Segment Start: DATASET

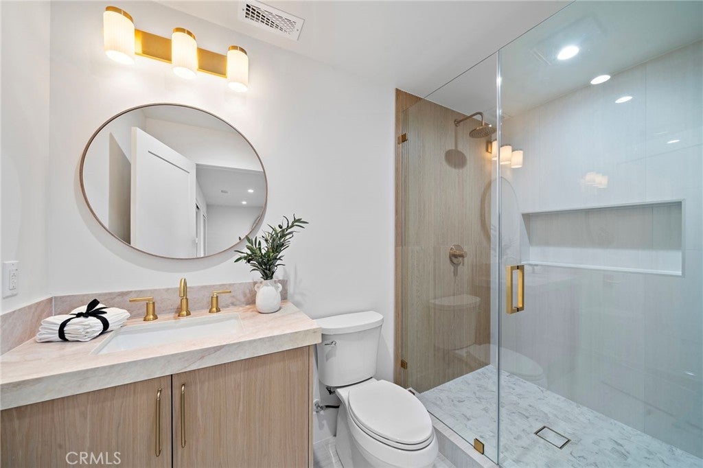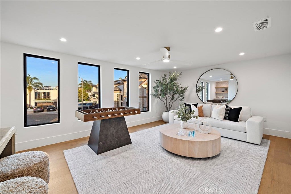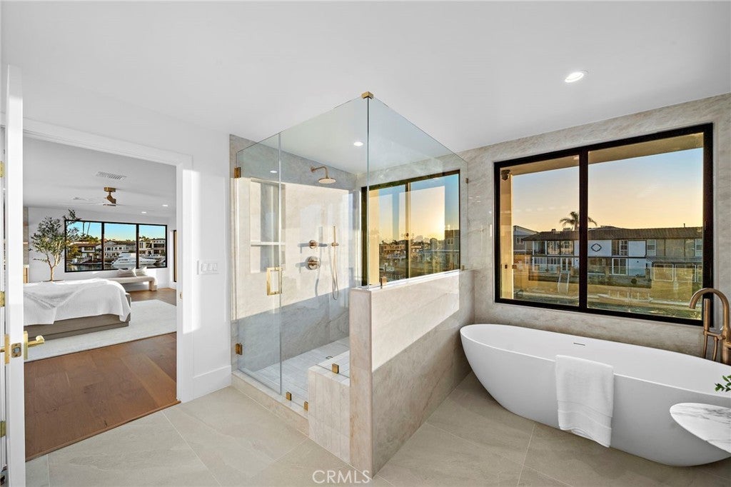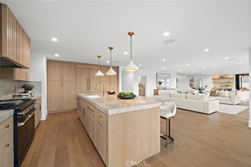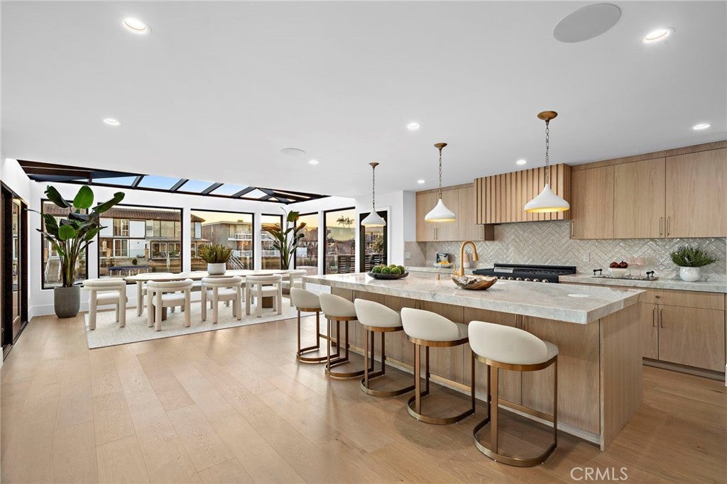 Stunning contemporary custom built waterfront residence located on Humboldt Island. Prime waterfront location with exceptional tri channel views. Encompassing 82 feet of expansive water frontage with a private 70-foot dock. Construction was just completed on this magnificent property that was taken down to the studs and completely rebuilt with all the finest finishes. As you enter the home you are greeted by a massive iron and glass pivot door that leads into the foyer with high volume ceilings. The beautiful water views are immediately in sight as your move into the living space with its open intuitive flowing floor plan. The Italian Bonelli bi fold doors stretch throughout the back side of the residence creating a seamless connection from the interior to the outdoor waterside deck. The great room style of this floor plan captures every inch of the waterfront views. Fabulous kitchen features a center island adorned with Taj Mahal quartzite counters. Rich white oak custom cabinetry with designer selected hardware offers ample storage and dual pantries. High end appliances featuring Thermador Freedom built in French door refrigerator and THOR Gordon Ramsey series double oven and range will be a true delight for the new homeowner. Rich white oak hardwood flooring complements the entire space in the home. Phenomenal glass domed dining area commands attention and features even more of the wide waterfront views. There is a convenient downstairs bedroom with en suite bath that can be utilized in many ways. Upstairs you will find the primary suite with its tranquil ambience. The views from the primary suite are amplified by the extensive window placements. There is a lovely sitting area and built in cabinetry with beverage center. The walk-in closet will be sure to accommodate all your wardrobe. The primary bath is sumptuous in design with a large soaking tub and a triple sized shower area. Custom white oak cabinetry and Lux quartz countertops. There are three additional bedrooms upstairs all come complete with en suite baths. The fifth bedroom is utilized as a bonus room which offers additional opportunity for relaxed and comfortable living. The waterfront deck area faces in a Southern direction and is sunny all day long allowing hours of enjoyment for living the Huntington Harbour Lifestyle!
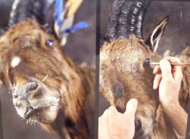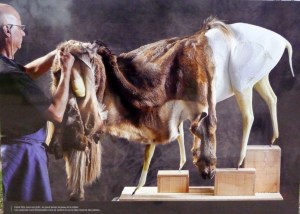 Revenons à notre mouflon. Cet ancien hôte du grand rocher du zoo de Vincennes a été victime d’un hiver particulièrement rude : il a glissé sur une plaque de verglas et s’est fracassé l’os du… rocher ! Circonstances fatales qui en ont fait un spécimen « idéal du point de vue du taxidermiste (…) On était en hiver, donc le poil était magnifique, et comme il a été tué sur le coup il ne s’est pas abîmé ». Seul bémol, ses cornes « étant complètement usées par le ciment du zoo de Vincennes n’étaient pas présentables, il a fallu faire un moulage de l’os de son crâne et trouver des étuis cornés d’un autre animal qui puissent s’y adapter ». Toujours le souci de l’exactitude scientifique et de la perfection esthétique…
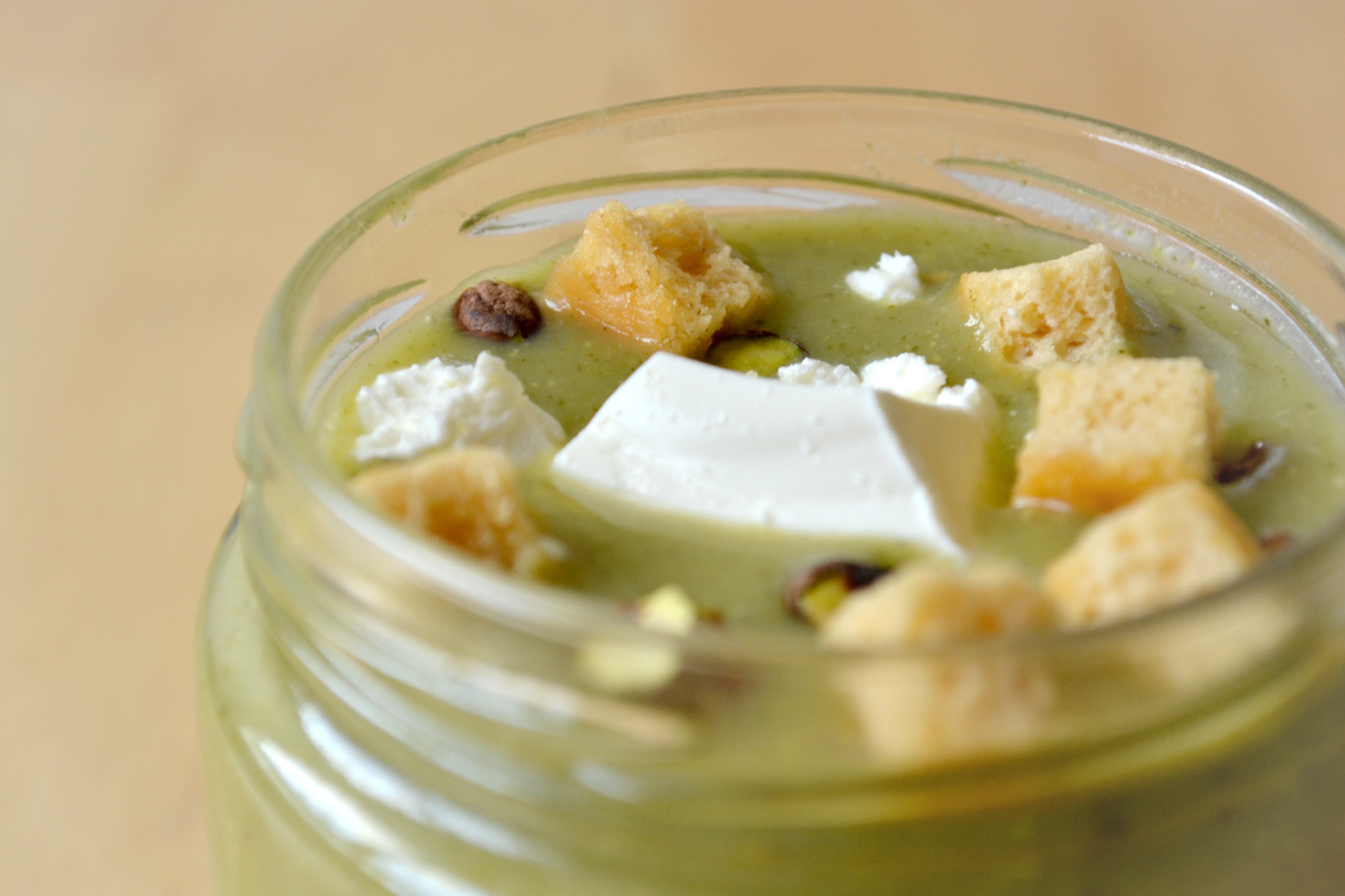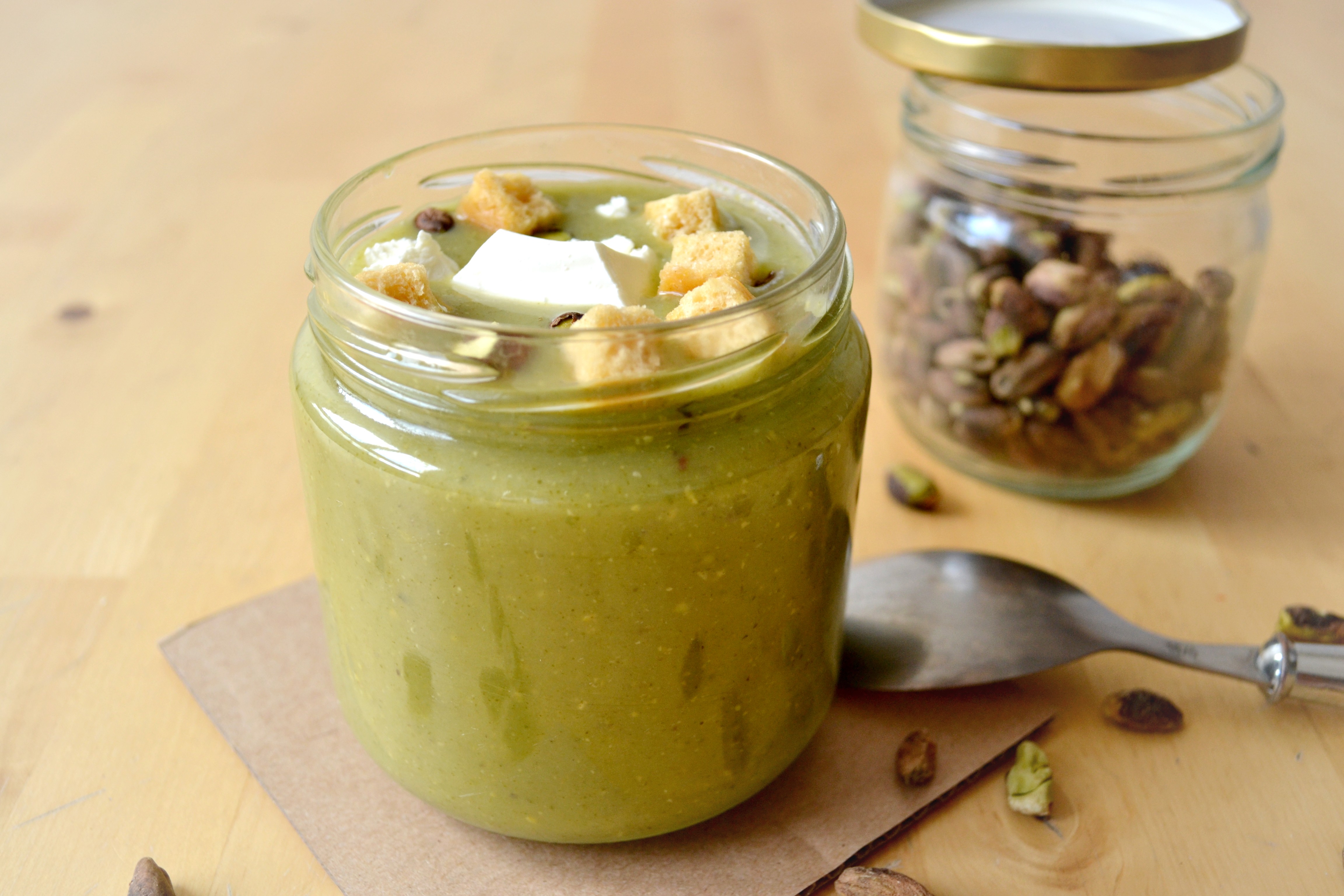 Retirer la casserole du feu puis mixer. Ajouter ensuite les pistaches et mixer à nouveau.
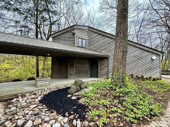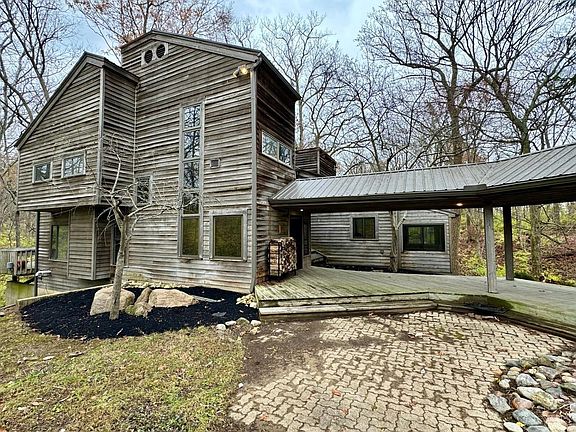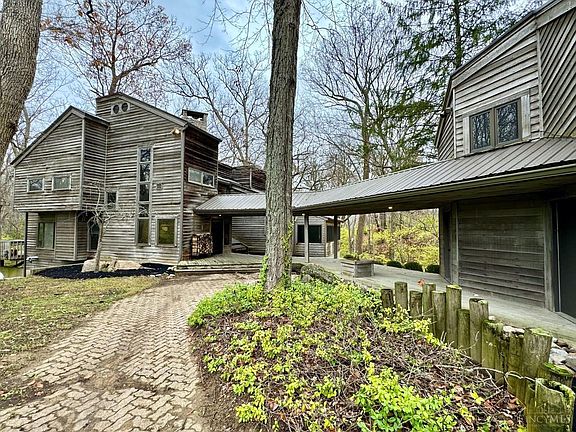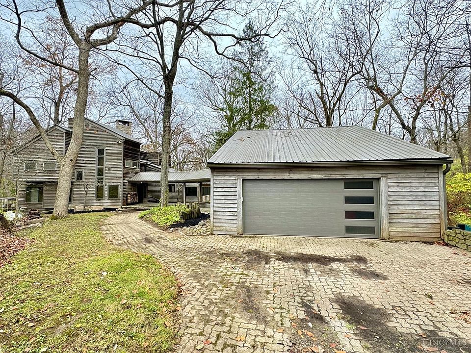 This home is truly one of a kind! A nearly 5,700 square foot contemporary masterpiece of engineering & design set on a 5 acre heavily wooded lot in Oregonia, Wayne Township, Ohio. First floor features soaring ceilings, open floorplan, abundant windows & skylights and is anchored by a massive natural stone wood-burning fireplace. The second floor has an extra large primary suite & huge full bath, laundry room + a staircase that leads to the roof top overlook. The finished basement has multiple walkouts, bedroom, full bath, family room & rec room and a wood stove that could heat the whole house. There is an oversized garage with a separate guest suite w/ full bath & living area + greenhouse. Lifetime metal roof, (2) newer Carrier Geothermal systems. This home needs cosmetic work & personalization w/ huge upside potential!
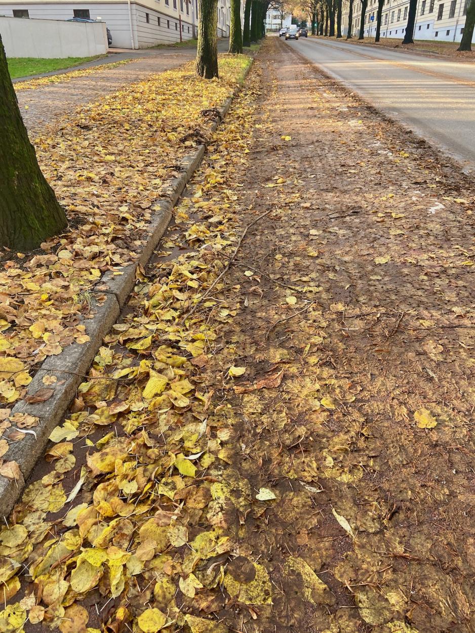 Syklister som sykler forbi forteller at de har irritert seg over mengden løv. Spesielt i bakker hvor man har høy fart, kan det by på farlige situasjoner. Syklistene kommenterer i forbifarten at kommunen bør rydde opp i løvet dersom de ønsker trygg ferdsel av syklister i byen.
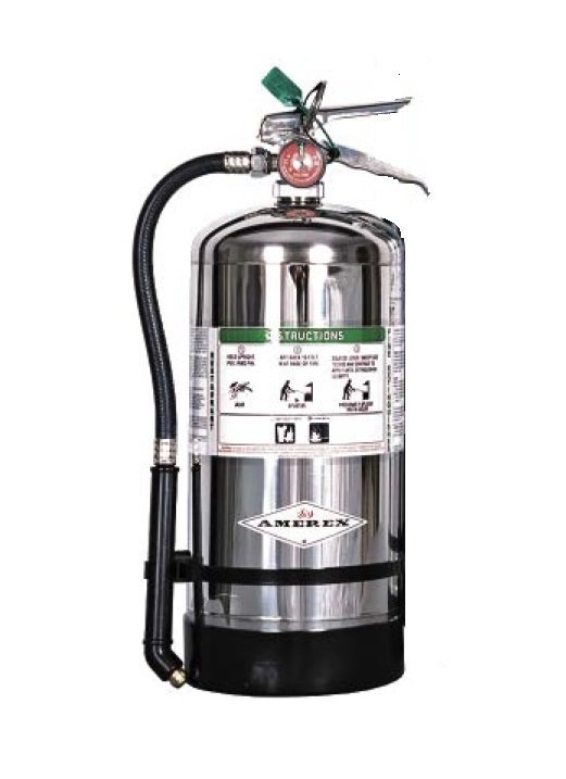 WET CHEMICAL extinguishers are the best restaurant kitchen appliance hand portable fire extinguishers you can purchase. Each model has been tested and approved for the Class K listing by UL specifically for restaurant kitchen hazards. They contain a special potassium acetate based agent. The recent trend to more efficient cooking appliances and use of vegetable based cooking oils dictates the use of a hand portable fire extinguisher with greater fire fighting capacity and cooling effect to combat these very hot and difficult fires. Available in two sizes – 6 liter or 2? gal. – with attractive stainless steel cylinders and easy to use hose and spray application nozzle. The superior fire fighting capability of the Wet Chemical agent is placed exactly where you aim it with no dry chemical residue to clean up. The Models B260 and B262 are the ideal “KITCHEN USE” fire extinguishers. They supplement existing cooking equipment automatic system protection for an extra margin of safety.

Segment End: DATASET

- PROBLEM STATEMENT
The full listing, transcribed exactly and without its pictures, is the expected result.

- TASK SOLUTION
 Stunning contemporary custom built waterfront residence located on Humboldt Island. Prime waterfront location with exceptional tri channel views. Encompassing 82 feet of expansive water frontage with a private 70-foot dock. Construction was just completed on this magnificent property that was taken down to the studs and completely rebuilt with all the finest finishes. As you enter the home you are greeted by a massive iron and glass pivot door that leads into the foyer with high volume ceilings. The beautiful water views are immediately in sight as your move into the living space with its open intuitive flowing floor plan. The Italian Bonelli bi fold doors stretch throughout the back side of the residence creating a seamless connection from the interior to the outdoor waterside deck. The great room style of this floor plan captures every inch of the waterfront views. Fabulous kitchen features a center island adorned with Taj Mahal quartzite counters. Rich white oak custom cabinetry with designer selected hardware offers ample storage and dual pantries. High end appliances featuring Thermador Freedom built in French door refrigerator and THOR Gordon Ramsey series double oven and range will be a true delight for the new homeowner. Rich white oak hardwood flooring complements the entire space in the home. Phenomenal glass domed dining area commands attention and features even more of the wide waterfront views. There is a convenient downstairs bedroom with en suite bath that can be utilized in many ways. Upstairs you will find the primary suite with its tranquil ambience. The views from the primary suite are amplified by the extensive window placements. There is a lovely sitting area and built in cabinetry with beverage center. The walk-in closet will be sure to accommodate all your wardrobe. The primary bath is sumptuous in design with a large soaking tub and a triple sized shower area. Custom white oak cabinetry and Lux quartz countertops. There are three additional bedrooms upstairs all come complete with en suite baths. The fifth bedroom is utilized as a bonus room which offers additional opportunity for relaxed and comfortable living. The waterfront deck area faces in a Southern direction and is sunny all day long allowing hours of enjoyment for living the Huntington Harbour Lifestyle!
 Revenons à notre mouflon. Cet ancien hôte du grand rocher du zoo de Vincennes a été victime d’un hiver particulièrement rude : il a glissé sur une plaque de verglas et s’est fracassé l’os du… rocher ! Circonstances fatales qui en ont fait un spécimen « idéal du point de vue du taxidermiste (…) On était en hiver, donc le poil était magnifique, et comme il a été tué sur le coup il ne s’est pas abîmé ». Seul bémol, ses cornes « étant complètement usées par le ciment du zoo de Vincennes n’étaient pas présentables, il a fallu faire un moulage de l’os de son crâne et trouver des étuis cornés d’un autre animal qui puissent s’y adapter ». Toujours le souci de l’exactitude scientifique et de la perfection esthétique…
 Retirer la casserole du feu puis mixer. Ajouter ensuite les pistaches et mixer à nouveau.
 This home is truly one of a kind! A nearly 5,700 square foot contemporary masterpiece of engineering & design set on a 5 acre heavily wooded lot in Oregonia, Wayne Township, Ohio. First floor features soaring ceilings, open floorplan, abundant windows & skylights and is anchored by a massive natural stone wood-burning fireplace. The second floor has an extra large primary suite & huge full bath, laundry room + a staircase that leads to the roof top overlook. The finished basement has multiple walkouts, bedroom, full bath, family room & rec room and a wood stove that could heat the whole house. There is an oversized garage with a separate guest suite w/ full bath & living area + greenhouse. Lifetime metal roof, (2) newer Carrier Geothermal systems. This home needs cosmetic work & personalization w/ huge upside potential!
 Syklister som sykler forbi forteller at de har irritert seg over mengden løv. Spesielt i bakker hvor man har høy fart, kan det by på farlige situasjoner. Syklistene kommenterer i forbifarten at kommunen bør rydde opp i løvet dersom de ønsker trygg ferdsel av syklister i byen.
 WET CHEMICAL extinguishers are the best restaurant kitchen appliance hand portable fire extinguishers you can purchase. Each model has been tested and approved for the Class K listing by UL specifically for restaurant kitchen hazards. They contain a special potassium acetate based agent. The recent trend to more efficient cooking appliances and use of vegetable based cooking oils dictates the use of a hand portable fire extinguisher with greater fire fighting capacity and cooling effect to combat these very hot and difficult fires. Available in two sizes – 6 liter or 2? gal. – with attractive stainless steel cylinders and easy to use hose and spray application nozzle. The superior fire fighting capability of the Wet Chemical agent is placed exactly where you aim it with no dry chemical residue to clean up. The Models B260 and B262 are the ideal “KITCHEN USE” fire extinguishers. They supplement existing cooking equipment automatic system protection for an extra margin of safety.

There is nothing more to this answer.